Resolve repeats with conflicts In the previous section repeats were resolved without excluding any reads that goes through the window. While this lead to a simpler graph, the graph will still contain artifacts, which have to be removed. The next phase removes most of these errors and is similar to the previous phase:

  1. A node is selected as the initial window
  2. The border is divided into sets using reads going through the window. If we have multiple sets, the repeat is resolved.
  3. If the repeat cannot be resolved, the border nodes are divided into sets using reads going through the window where reads containing errors are excluded. If we have multiple sets, the repeat is resolved.
  4. The window is expanded with nodes if possible and step 2 is repeated.

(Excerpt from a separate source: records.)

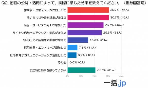 最も多かったのは「認知度・企業イメージが向上した」と「問い合わせや資料請求が増えた」という回答(いずれも30.7%)でした。これは、動画の公開や活用によって、企業のブランド認知やイメージアップに加え、実際の問い合わせ増加といった具体的な反応を感じている企業が多いことを示しています。
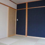一面を紺色のクロスで貼り分けし、アクセントに。
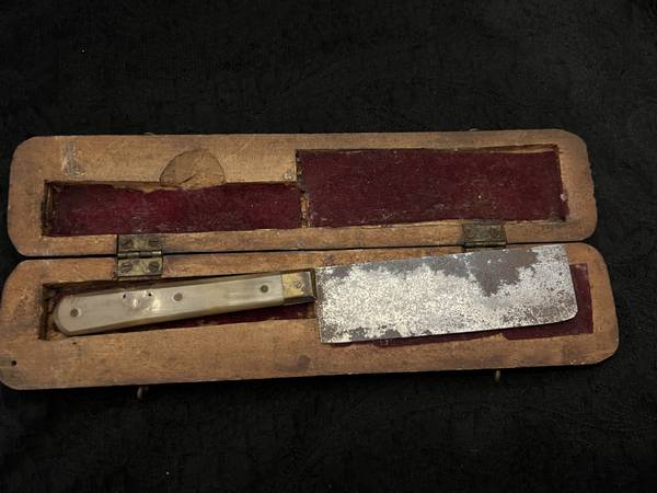 ANTIQUE 19TH CENTURY JEWISH KOSHER SHECHITA SLAUGHTER KNIFE, MARKED EZKAWSKI? THIS IS A INTERESTING ITEM . THE GRIPS LOOK TO BE HORN / FROM THE CONSTRUCTION OF THE BOX, IT LOOKS TO BE 19TH CENTURY...
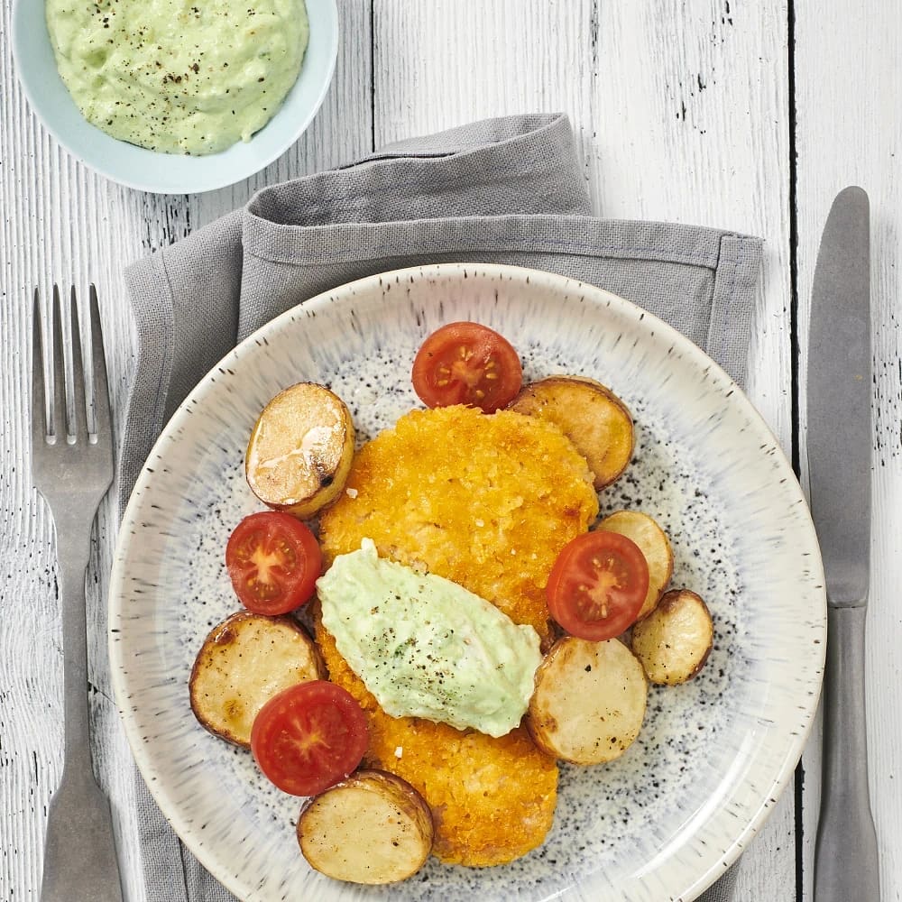 Krispig schnitzel med avokadodipp
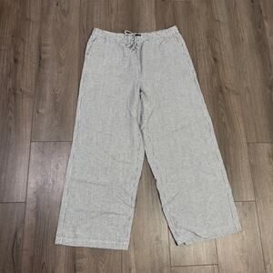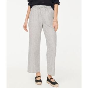 J.Crew Linen Blend Slim Wide Leg Drawstring Pants 14 Black White Striped Relaxed
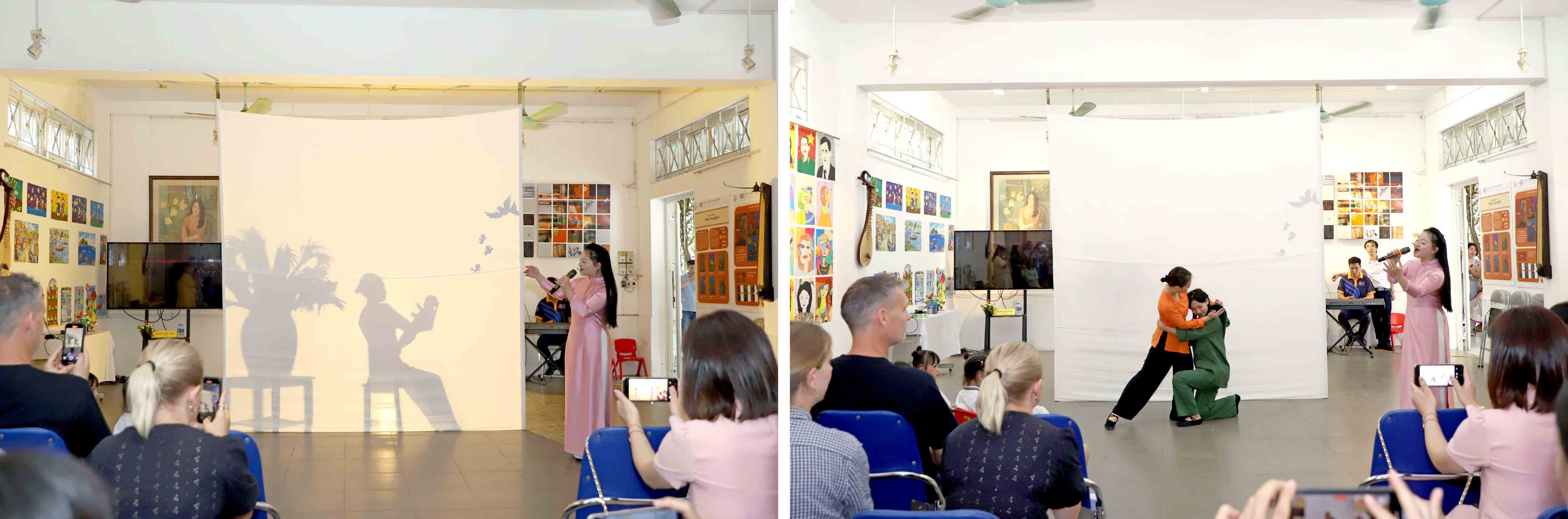Đoàn tham dự tiết học hoạt động âm nhạc và vở kịch “Thanh âm đầm lầy”, và chụp ảnh lưu niệm

The algorithm described above is similar to the algorithm used in the previous section, except step 3 where the reads with errors are excluded. This is done by calculating an average $ avg_1 = m_1 / c_1$ where $ m_1$ is the number of reads going through the window and $ c_1$ is the number of distinct pairs of border nodes having one (or more) of these reads connecting them. A second average $ avg_2 = m_2 / c_2$ is calculated where $ m_2$ is the number of reads going through the window having at least $ avg_1$ or more reads connecting their border nodes and $ c_2$ the number of distinct pairs of border nodes having $ avg_1$ or more reads connecting them. Then, a read between two border nodes B and C is excluded if the number of reads going through B and C is less than or equal to $ limit$ given by

$\displaystyle limit = \frac{\log(avg_2)}{2} + \frac{avg_2}{16}
$

An example where we resolve a repeat with conflicts is given in 35.9 where we have a total of 21 reads going through the window with $ avg_1 = 21 / 3 = 7$, $ avg_2 = 20 / 2 = 10$ and $ limit = 1/2 + 10/16 = 1.125$. Therefore all reads between border nodes B and C are excluded resulting in two sets of border nodes A, C and B, D. The resolved repeat is shown in figure 35.10.

Image read_opt_3
Figure 35.9: A repeat with conflicts.

Image read_opt_4
Figure 35.10: Resolving a repeat with conflicts.